When to use this skill
- Always when you need to fetch web content and want reliable results
- When
web_fetchreturns empty/blocked content (403, Cloudflare challenges) - When you need structured data extraction (pricing tables, product info)
- When you need to crawl an entire site or discover all URLs
- When you need LLM-optimized content (cleaner than raw markdown)
- When you need to summarize a page without reading the full content
- When you need to detect content changes between visits
- When you need brand identity analysis (colors, fonts, logos)
- When you need web search results with optional page scraping
- When you need deep multi-source research on a topic
- When you need AI-guided scraping to accomplish a goal on a page
- When you need to monitor a URL for changes over time
API base
All requests go to https://api.noxa.io/v1/.

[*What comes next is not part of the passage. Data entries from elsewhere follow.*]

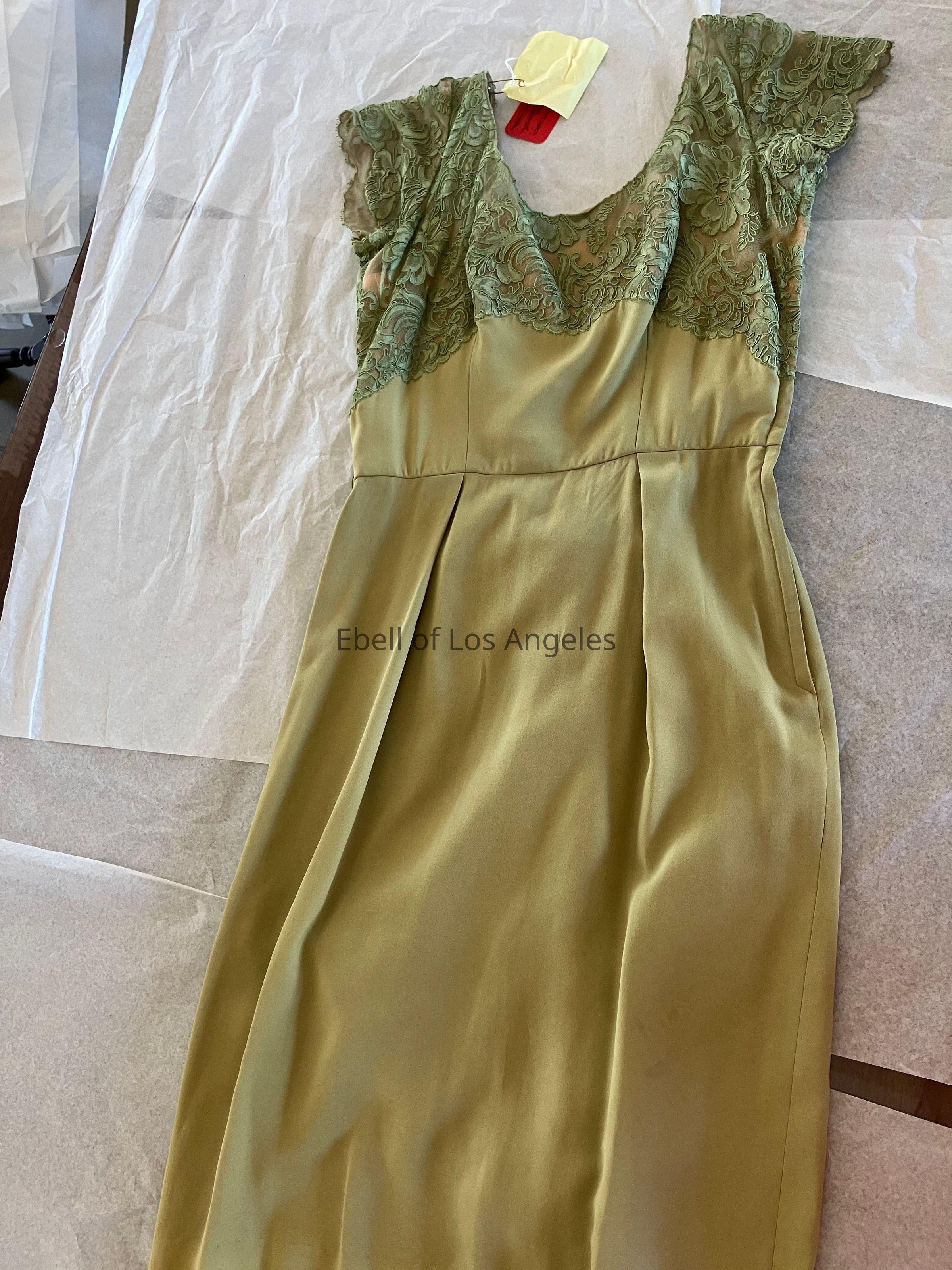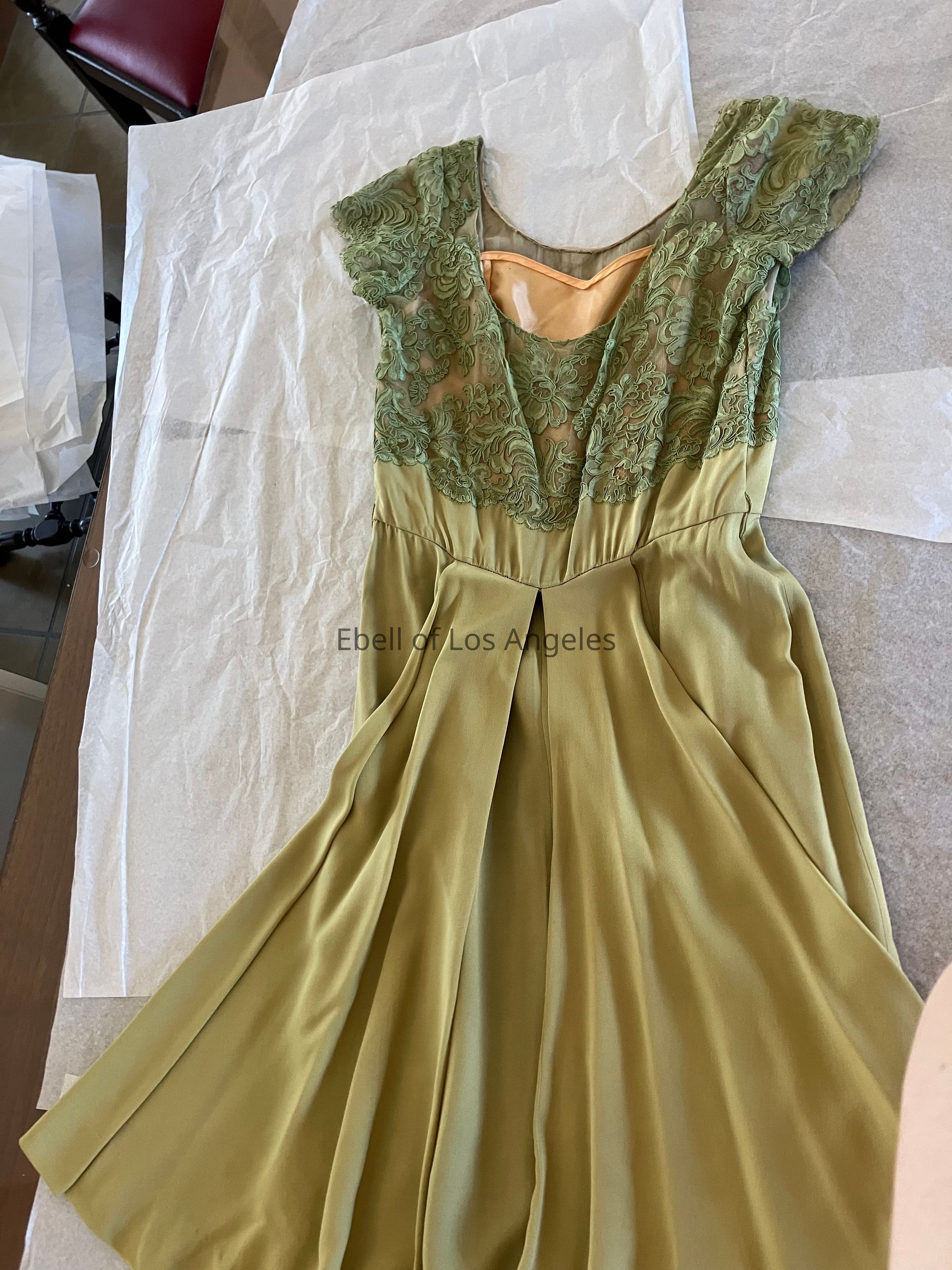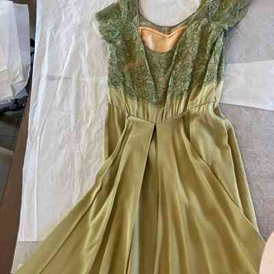Green silk dress with lace on upper bodice and sleeve, back short train
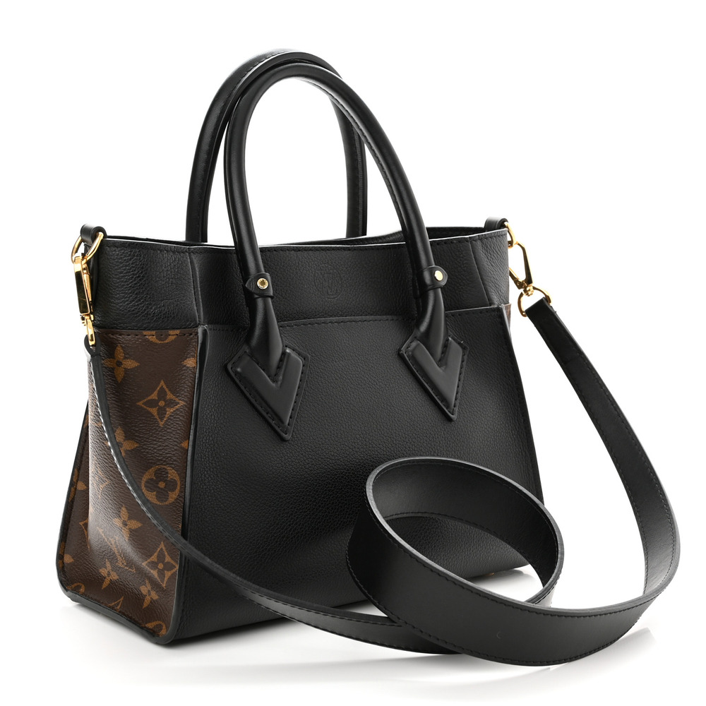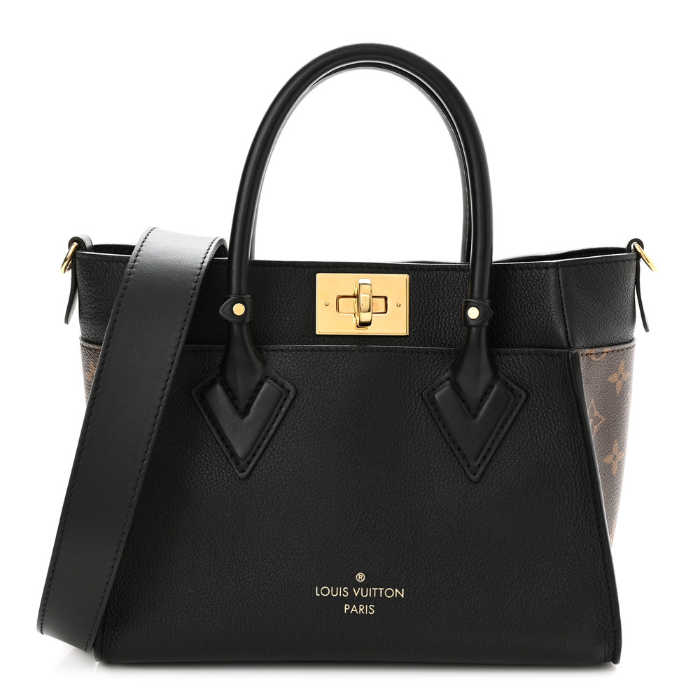 The On My Side MM tote bag is fashioned from an elegant combination of small-grained calf leather and emblematic Monogram canvas. The large outside pockets in contrasting canvas create a bag-in-a-bag look. The roomy interior can easily hold everything needed for a day at the office while the adjustable strap makes for practical cross-body carry.
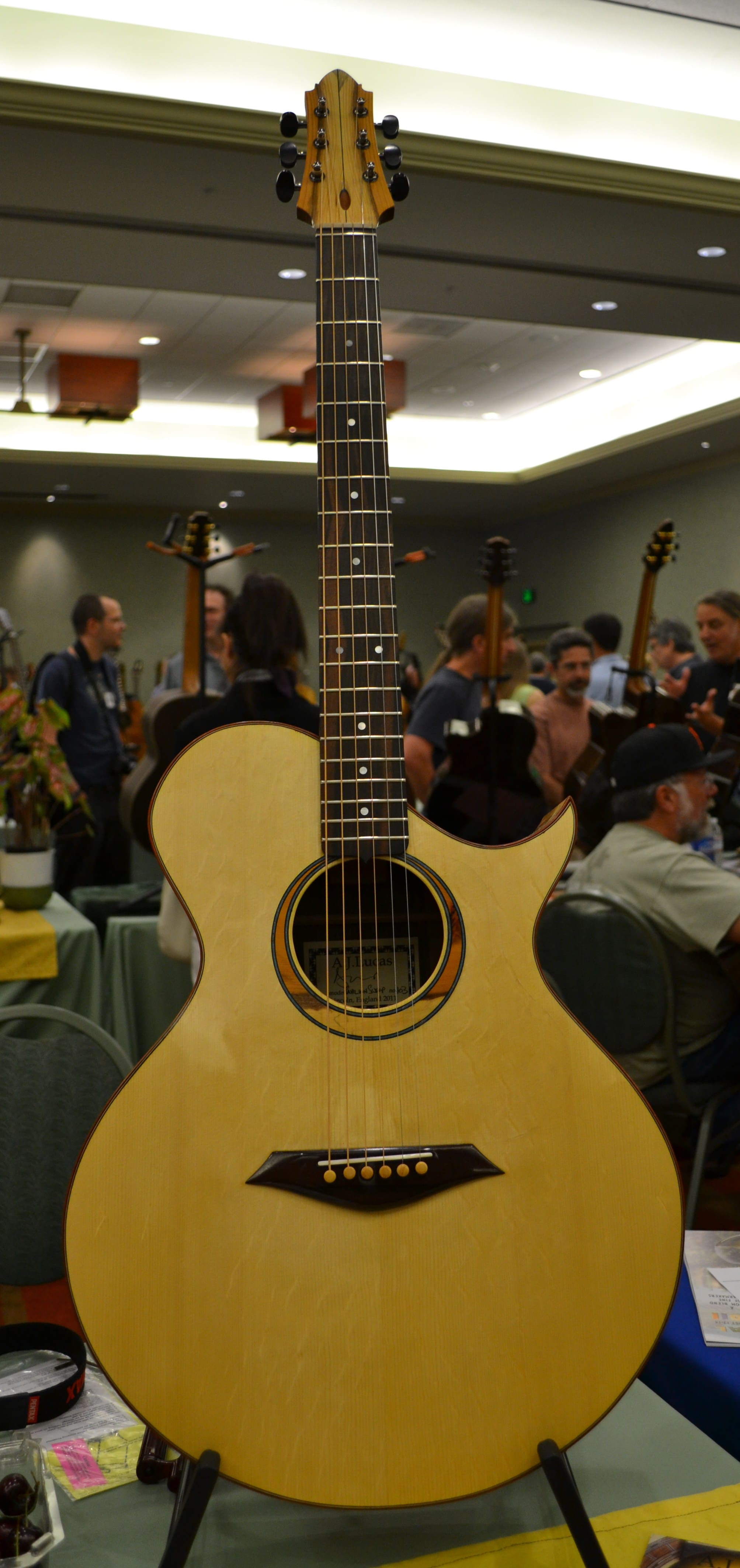 AJ Lucas fingerstyle guitar. Every detail of this guitar is, to my eyes, gorgeous. A lovely cutaway that produces an 18th fret neck/body join and subtle and sophisticated visual details throughout. The yew sides, yew back with wenge centerpiece, and European spruce top produce the most visually stunning guitar in the show. A big and warm yet clear sounding guitar that balances perfectly in the lap.
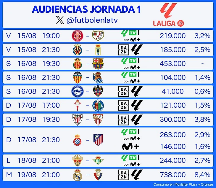 Телевизионные рейтинги LaLiga: топ и аутсайдеры 1-го тура
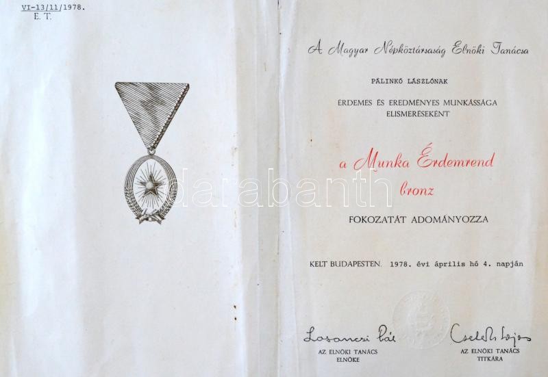1985. "Munka Érdemrend" bronz fokozata Br zománcozott kitüntetés mellszalaggal, miniatűrrel dísztokban, nem hozzá tartozó 1978-as adományozói okirattal T:1-
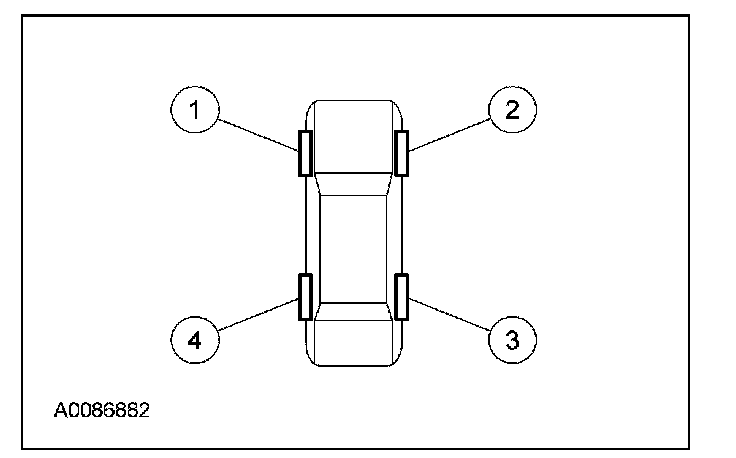 NOTE: The tire pressure sensor training procedure must be done on a single vehicle, in an area without radio frequency noise and at least 1 m (3 ft) away from other vehicles equipped with a tire pressure monitoring system (TPMS).
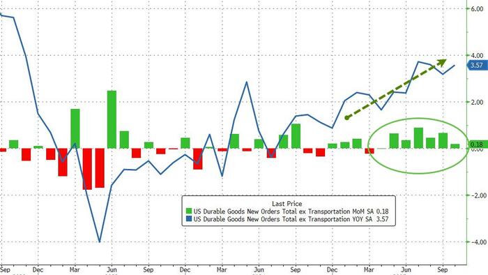 Core Durable Goods Orders Rise For 7th Straight Month While admittedly extremely lagging, the preliminary OCTOBER durable goods orders print was a big disappointment after a rebound in the summer with the headline falling 2.2% MoM (far worse than the 1.5% MoM decline expected). However, while this disappointment dragged down the YoY growth to 4.7%, it was still well above inflation... Source: Bloomberg Core Orders (ex Transports) rose 0.2% MoM (notably slower than the 0.7% MoM in September and below the +0.3% MoM expected)... Source: Bloomberg That was the 7th straight monthly gain and lifted core durable goods orders up 3.57% YoY, near the highest since Nov 2022. Finally, core capex remains solid with new orders ex-air up 0.5% (4th straight monthly gain) and shipments continue to significantly stronger than expected.
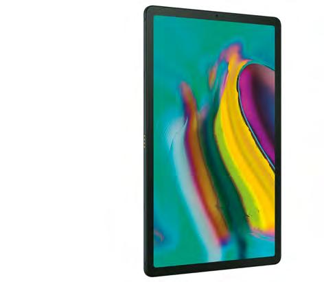 S5e es la tableta de Samsung con un cuerpo metálico elegante y delgado, con un grosor de 5.5 mm, y un peso ultraliviano de 400 gramos, que la convierte en la tableta más ligera de la marca. Su icónica pantalla Super AMOLED (16:10), sin botón de inicio visible, da como resultado una imagen minimalista y estilizada. Con la incorporación de una batería con duración prolongada de 7,040 mAh, alcanza hasta 14.5 horas. Para aumentar su productividad está equipada con una memoria de 64 GB con opción a expandirse para obtener hasta 512 GB con una tarjeta microSD.
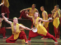 在第八屆中國藝術(shù)節(jié)上,來自中部六省的文化現(xiàn)象引起各方關(guān)注。圖為舞劇《風(fēng)中少林》劇照。新華社發(fā)
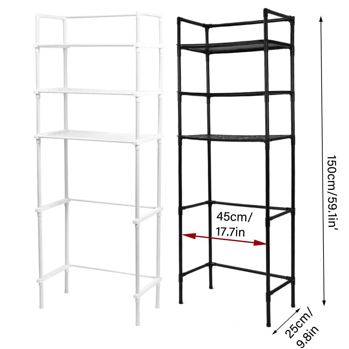 Maximise your bathroom’s storage with this practical over-toilet rack, designed to make the most of vertical space. Standing 59.1 inches tall, it features sturdy PP resin shelves and a robust metal frame to securely hold towels, toiletries, and other bathroom essentials. Available in sleek black and white, this storage rack blends seamlessly with both modern and classic bathroom decors, offering both style and functionality.
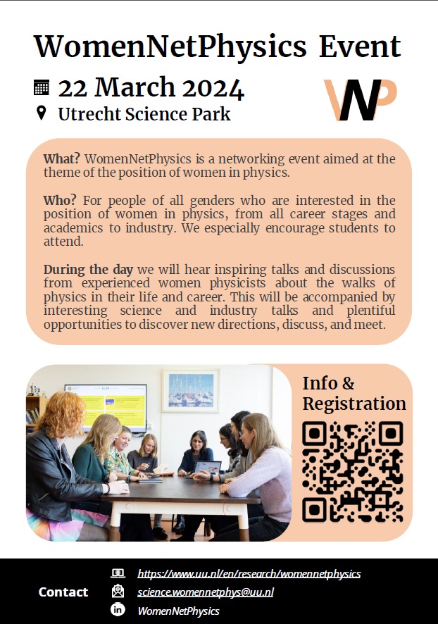 On 22 March 2024, Utrecht University will host WomenNetPhysics; the first women in physics conference in the Netherlands. This network event will gather all that are interested in the position of women in physics, ranging from different stages in their careers and research fields. Get ready to be inspired!

Authentication: Authorization: Bearer $NOXA_API_KEY
Endpoints
1. Scrape — extract content from a single URL
curl -X POST https://api.noxa.io/v1/scrape \
-H "Authorization: Bearer $NOXA_API_KEY" \
-H "Content-Type: application/json" \
-d '{
"url": "https://example.com",
"formats": ["markdown"],
"only_main_content": true
}'
Request fields:
| Field | Type | Default | Description |
|---|---|---|---|
url |
string | required | URL to scrape |
formats |
string[] | ["markdown"] |
Output formats: markdown, text, llm, json |
include_selectors |
string[] | [] |
CSS selectors to keep (e.g. ["article", ".content"]) |
exclude_selectors |
string[] | [] |
CSS selectors to remove (e.g. ["nav", "footer", ".ads"]) |
only_main_content |
bool | false |
Extract only the main article/content area |
no_cache |
bool | false |
Skip cache, fetch fresh |
max_cache_age |
int | server default | Max acceptable cache age in seconds |
Response:
{
"url": "https://example.com",
"metadata": {
"title": "Example",
"description": "...",
"language": "en",
"word_count": 1234
},
"markdown": "# Page Title\n\nContent here...",
"cache": { "status": "miss" }
}
Format options:
markdown— clean markdown, best for general usetext— plain text without formattingllm— optimized for LLM consumption: includes page title, URL, and cleaned content with link references. Best for feeding to AI models.json— full extraction result with all metadata
When antibot bypass activates (automatic, no extra config):
{
"antibot": {
"bypass": true,
"elapsed_ms": 3200
}
}
2. Crawl — scrape an entire website
Starts an async job. Poll for results.
Start crawl:
curl -X POST https://api.noxa.io/v1/crawl \
-H "Authorization: Bearer $NOXA_API_KEY" \
-H "Content-Type: application/json" \
-d '{
"url": "https://docs.example.com",
"max_depth": 3,
"max_pages": 50,
"use_sitemap": true
}'
Response: { "job_id": "abc-123", "status": "running" }
Poll status:
curl https://api.noxa.io/v1/crawl/abc-123 \
-H "Authorization: Bearer $NOXA_API_KEY"
Response when complete:
{
"job_id": "abc-123",
"status": "completed",
"total": 47,
"completed": 45,
"errors": 2,
"pages": [
{
"url": "https://docs.example.com/intro",
"markdown": "# Introduction\n...",
"metadata": { "title": "Intro", "word_count": 500 }
}
]
}
Request fields:
| Field | Type | Default | Description |
|---|---|---|---|
url |
string | required | Starting URL |
max_depth |
int | 3 |
How many links deep to follow |
max_pages |
int | 100 |
Maximum pages to crawl |
use_sitemap |
bool | false |
Seed URLs from sitemap.xml |
formats |
string[] | ["markdown"] |
Output formats per page |
include_selectors |
string[] | [] |
CSS selectors to keep |
exclude_selectors |
string[] | [] |
CSS selectors to remove |
only_main_content |
bool | false |
Main content only |
3. Map — discover all URLs on a site
Fast URL discovery without full content extraction.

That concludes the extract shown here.